• [Task requirements]: In the data below, begin at the line with "Superimposition of monomeric" and stop after the line with "Once the eggs"; output those lines exactly and no pictures.

• [Data to examine]:
=====
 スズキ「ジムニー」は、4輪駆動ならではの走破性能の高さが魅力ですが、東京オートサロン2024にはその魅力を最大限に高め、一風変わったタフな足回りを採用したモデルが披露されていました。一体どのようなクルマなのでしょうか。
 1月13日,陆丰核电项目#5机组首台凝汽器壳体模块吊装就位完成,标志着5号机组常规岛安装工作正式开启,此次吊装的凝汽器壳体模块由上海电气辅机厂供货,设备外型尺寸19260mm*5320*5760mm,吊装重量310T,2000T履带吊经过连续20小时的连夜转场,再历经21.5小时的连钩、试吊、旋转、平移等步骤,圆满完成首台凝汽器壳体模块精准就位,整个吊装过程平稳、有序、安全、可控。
=====
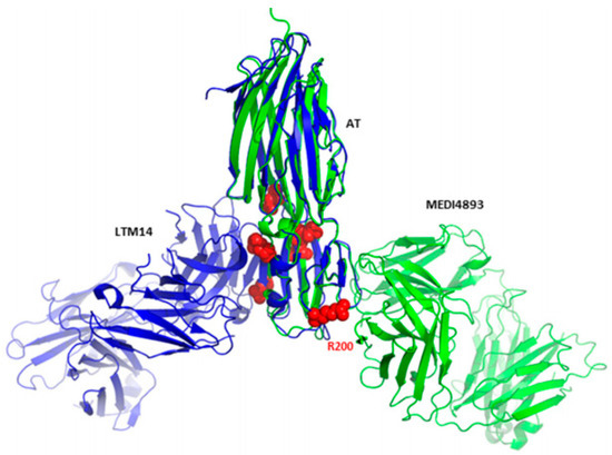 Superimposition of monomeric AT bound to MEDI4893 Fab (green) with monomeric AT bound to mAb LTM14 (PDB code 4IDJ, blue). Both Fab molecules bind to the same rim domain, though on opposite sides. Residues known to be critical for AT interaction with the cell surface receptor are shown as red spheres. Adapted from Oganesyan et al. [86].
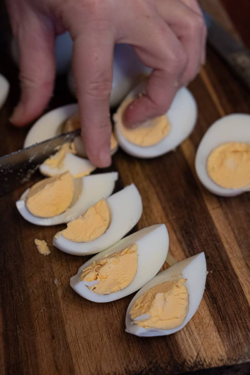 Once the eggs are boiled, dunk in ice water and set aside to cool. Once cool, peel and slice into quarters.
=====
• [Answer to the problem]:
 Superimposition of monomeric AT bound to MEDI4893 Fab (green) with monomeric AT bound to mAb LTM14 (PDB code 4IDJ, blue). Both Fab molecules bind to the same rim domain, though on opposite sides. Residues known to be critical for AT interaction with the cell surface receptor are shown as red spheres. Adapted from Oganesyan et al. [86].
 Once the eggs are boiled, dunk in ice water and set aside to cool. Once cool, peel and slice into quarters.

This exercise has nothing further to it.